Monday, December 20, 2010

Collusion: Part XI

6 or 7 thousand of us students and faculty piled row upon row in Founders Memorial Amphitorium. 'Amphitorium' is a made up word...Perhaps it was invented in an attempt to convey the idea that this was a building like no other. I know not. Either was its what the mammoth building is called. Its roughly 6 stories high and wide enough that it would take you 6 minutes to walk from one end to the other at a normal pace. There are hundreds of rows of rainbow colored fold down theater-style seats that follow a gradual decline in the floor towards a grand stage. A balcony seats about two thousand more. I've been in the building at night before... when the lights were out and no one else was there. The space can give you the feeling of being in the largest cave imaginable. One could very easily play baseball here and not feel like they were lacking space.
The building was used every day for something or another. At eleven a.m., Monday through Thursday everyone is required to attend 'chapel' here. All students report here from the far reaches of campus, which may require a bit of running or brisk walking to get there in time. You must be in your seat at precisely 11 a.m.. If you're late you will be given demerits.

The service begins and a chorus master walks onto the stage. He instructs the mass of students to find one hymn or another in the blue hymnals that can be found in little brown wooden cubbies on the back of each seat. The gathering raises quite a lot of sound, filling the august space with a rich albeit somber music. Precisely we praise mystic hebrew god. In less clinical metrics... all together. After two hymns another speaker emerges from the row of ancients that find their seats lining the back of the stage. (Theses are all the highest member of the authority... many of them of a great age.) He would make a few remarks on the day and the lead us in chanting the university creed. A monologue that all first years had to memorize within the first three weeks at school. Together we stood and recited.

"I believe in the inspiration of the bible. both the old and the new testaments. the creation of man by the direct act of god. the incarnation and virgin birth of our lord and savior jesus christ. his identification as the son of god. his vicarious atonement for the sins of mankind by the shedding of his blood on the cross. the resurrection of his body from the tomb. his power to save men from sin. the new birth through the regeneration by the holy spirit. and the gift of god, which is eternal life."

The chant had become such an integral part of campus culture that it was often spoken in a hollow and conviction-less tone. No matter. Conviction or not... when seven thousand people chant something everyday... it has a tendency to stamp itself into your mind. It becomes the sediment and silt of your thoughts.

The day that we were all set to be released for Christmas break there was one of these such services. We sang Christmas tunes and chanted our chant. And Dr. Bob Jones III took the stage to wish us well and safe travels to our homes. And that was that. Semester over. All my exams had gone well.
I said my goodbyes to my little group of friends and of course thought the better of saying anything at all to my brown skinned room-mates. It's such a burden being Caucasian.  

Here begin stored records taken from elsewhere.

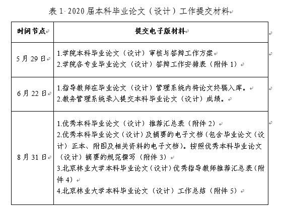 附件1:北京林业大学本科各专业毕业论文(设计)答辩工作安排表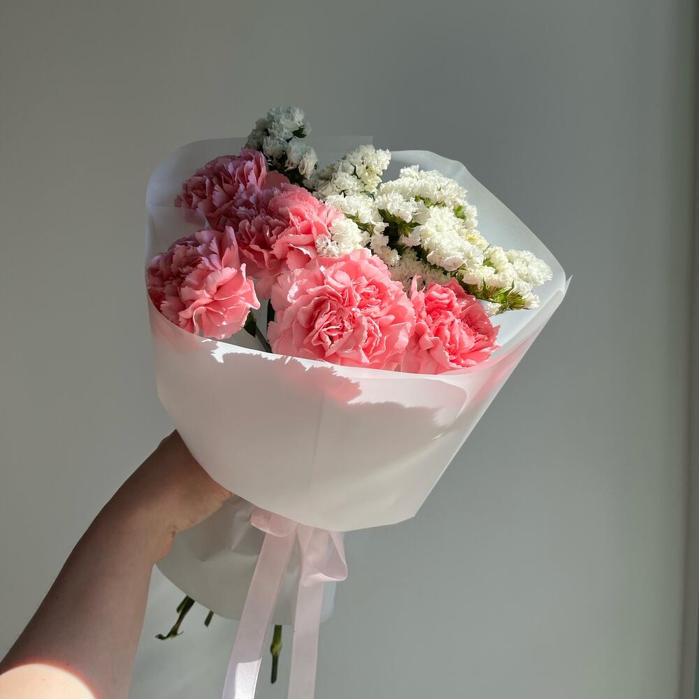 11 нежных гвоздик с эвкалиптом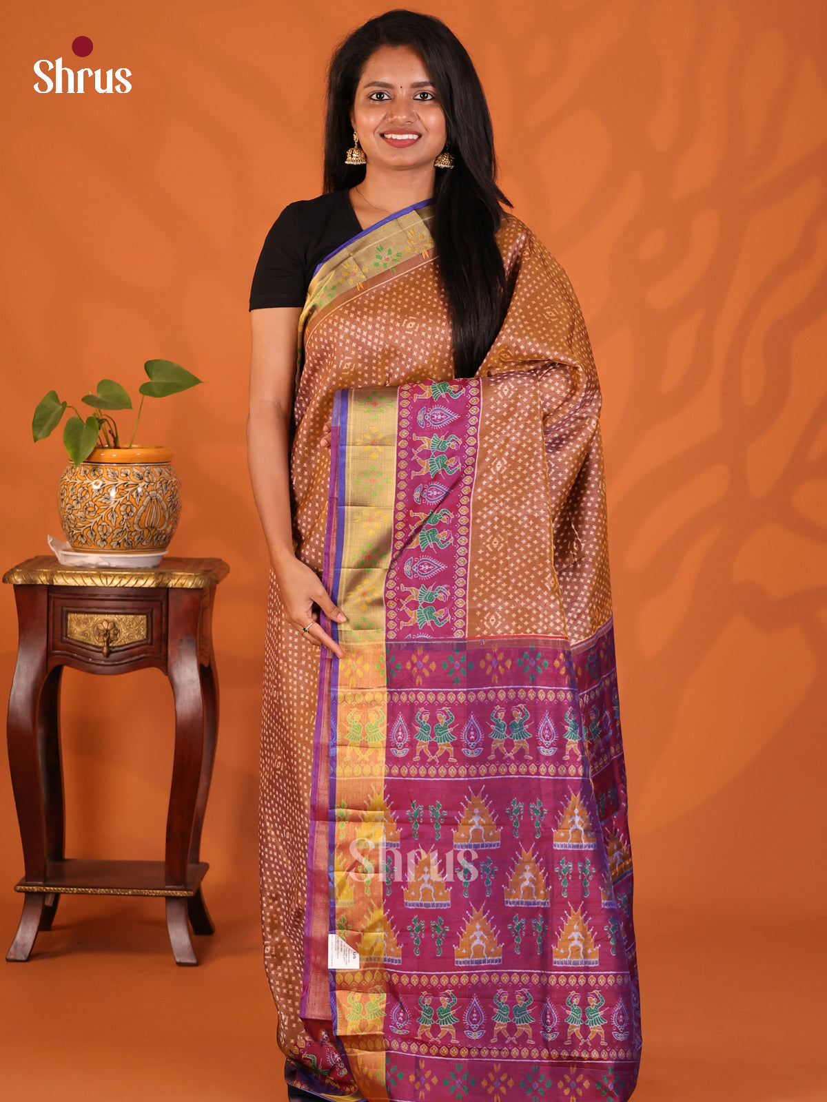 Beautiful Brown Semi Patola Saree features a intricate patola patterns on the full body . Adding to its elegance are the contrast Purple zari woven borders and a patola pattern pallu, all complemented by a printed blouse with zari border.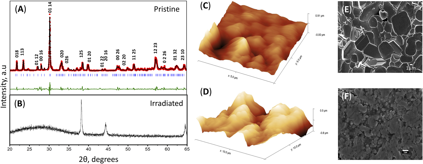 (A) The x-ray diffractogram of polycrystalline K2Bi4Ti4WO18. The bottom pattern (B) shows the amorphization post irradiation. The AFM images also depict an expected increase in the surface roughness after irradiation (D), when compared before irradiation (C) (E) The electron micrograph shows a grain distribution typical of bismuth layered structure. (F) The irradiation leads to surface amorphization with no clear crystallites.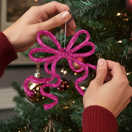 Moño, Decoración Colgante, Glitter, Color Fucsia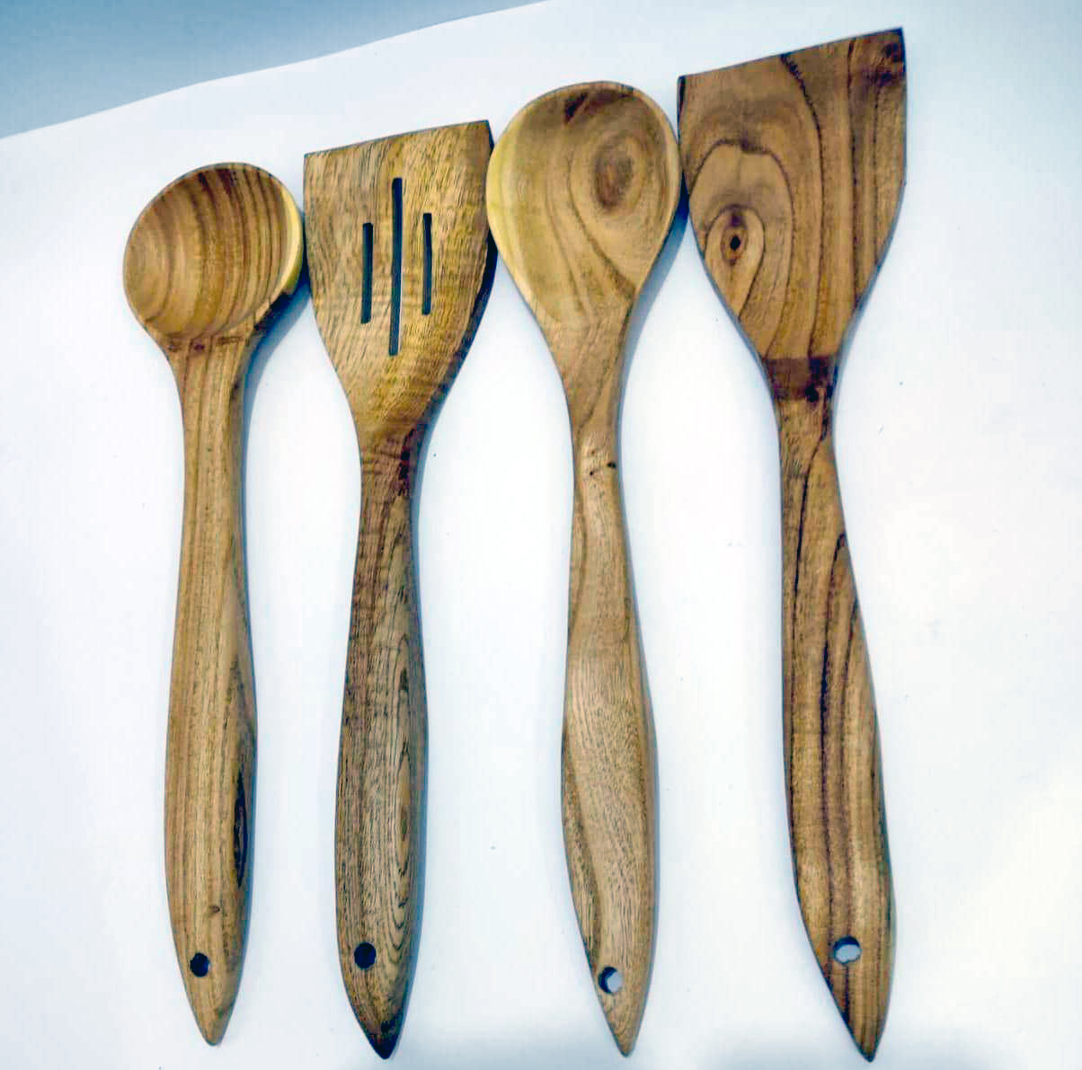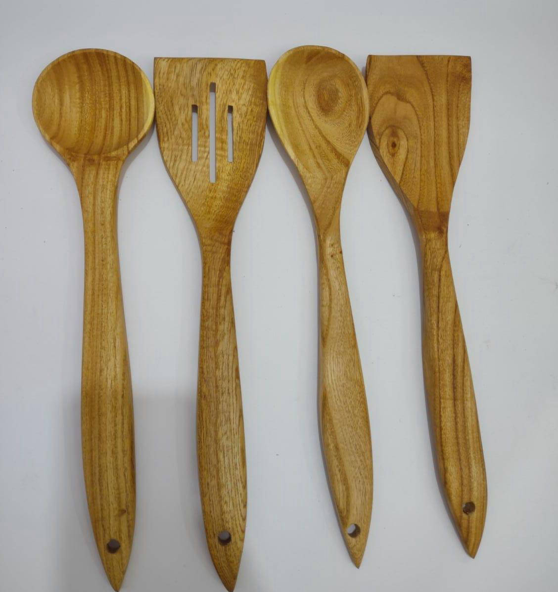 نام: 4 عددہ لکڑی کا اسپاتولا اور چمچ سیٹ

Mom and dad picked me up at the appointed hour. All my bags and things that i was taking home were waiting expectantly in a neat little pile on the sidewalk in front of my dormitory. The two hour drive home was as quiet as a funeral. My brother and sister had tagged along. Mom and Dad offered questions about how I was and how my final test scores had gone. I was at best non-committal about it all. I would not complain about how things had been. This was a choice that i had made. I would present the bucolic ideal of my introduction to college as best i could. I began a collusion of sorts with my family. That is what this story is about after all; isnt it? I would only let them see what they needed to see. Besides... it would be nice to put everything away and just have a nice Christmas. I sat in the back seat of the suburban and stared out the window as the city retracted and trees and fields began to fill up the space left by buildings and parking lots.

That first Christmas was so welcome. It was nice to take a look at my family dynamic in comparison to the building full of testosterone driven repressed cave dwellers that i had been living with. This Christmas was a new one. A different one. I savored the relics of my childhood and yes even mourned their loss.

I baked cookies and wrapped the gifts that I had saved and bought for my parents, brother and sister. My carefully controlled existence had begun to reveal itself to be far from my ability to govern. So that Christmas i learned perhaps the most valuable of life lessons... that we are but the students of life's changes. That adaptation is to be considered our greatest strength. That true godliness could be found in the simplest of acts of kindness, one person to another.

Three weeks of yule therapy had got me into a better state of mind. I had plans for these who opposed me at school and they would suffer the consequences of standing in my way. My optimism was no where near weakened. I would return to the kitchen, and the piano, and my books.

My sister and i were very close then and many nights during the break we would spend out in the night time chatting on the trampoline... Talking about everything. It was nice to know that some bonds stayed strong no matter what... and would never need mending.